В ней словно бы пружина распрямилась и отпустила всю ее на волю. Раскроив бережно хранившийся костюм Василия, Елена сшила костюм Андрюхе и все удивлялась: чего берегла? Ей как-то легче стало жить, она стала просто четвертым членом семьи, и все уравнялись с ней в правах незаметным и естественным образом. Всем вздумалось купить новый стол в будущую квартиру, ведь все равно же когда-нибудь будет. Они пошли и купили, выбросив старый, неизвестно кем поставленный в вагончик. Толя, так повзрослевший, стал приходить на ее половину поговорить на ночь, как взрослый со взрослым. И однажды, когда Елена притянула его голову к себе, не отстранился, а затих. И она все гладила, гладила его вихор, боясь переменить позу, изменить движение руки, боясь вспугнуть проснувшееся доверие и понимание.

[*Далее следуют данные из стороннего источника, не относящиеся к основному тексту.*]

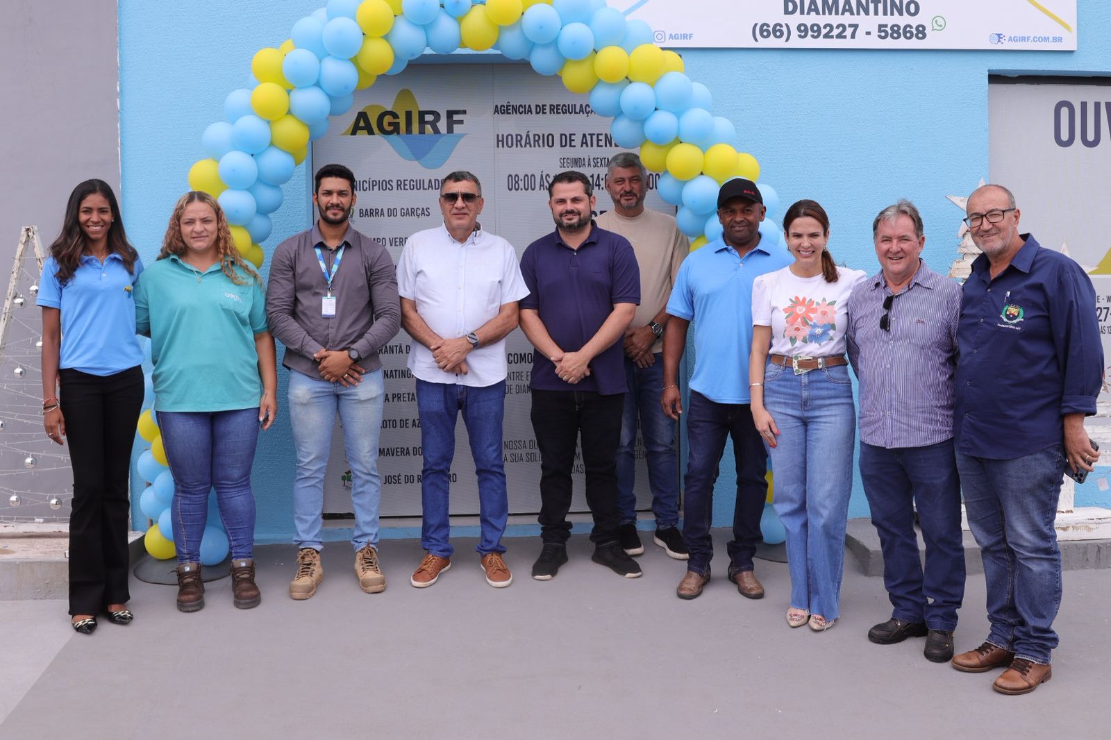 A cerimônia de inauguração contou com a participação de diversas autoridades locais, reforçando a importância da chegada da agência ao município. Entre os presentes estavam o prefeito Francisco Ferreira Mendes, o gerente da Águas de Diamantino, Denner Pereira, a responsável técnica Ellen, o secretário Jefersson Grolli, a vereadora Michelly Carrasco, o secretário de Agricultura Milton Crivelleto e o secretário de Infraestrutura e Obras Leonildo José. A presença de representantes políticos, técnicos e comunitários demonstrou o apoio institucional e o reconhecimento da relevância da AGIRF para a região.

Но иногда среди ночи она просыпалась от неясного чувства тревоги, то отпускавшего, то приступавшего к самому сердцу. В ней жило состояние внутреннего беспокойства, которое не позволяло поверить в налаживавшуюся северную жизнь и предстоящее новоселье. Сколько ни украшала квартиру-вагон, как ни скребла эти восемнадцать квадратов, все казалось, что куда-то едет-едет и никак не может доехать до нужной станции. Как ни наказывала Андрюхе и Толе не отпускать от себя Сергуню, он все равно, когда те были в школе, пускался с ватажкой таких же непристроенных огольцов в самые невероятные путешествия. И в вагончике оставлять его тоже было небезопасно. Его теряли и тут же находили. Ругали за словечки, которые он начал вставлять между делом, а он проваливался в какие-то колдобины, и его жалели, пропаривая в корыте с хвойным концентратом.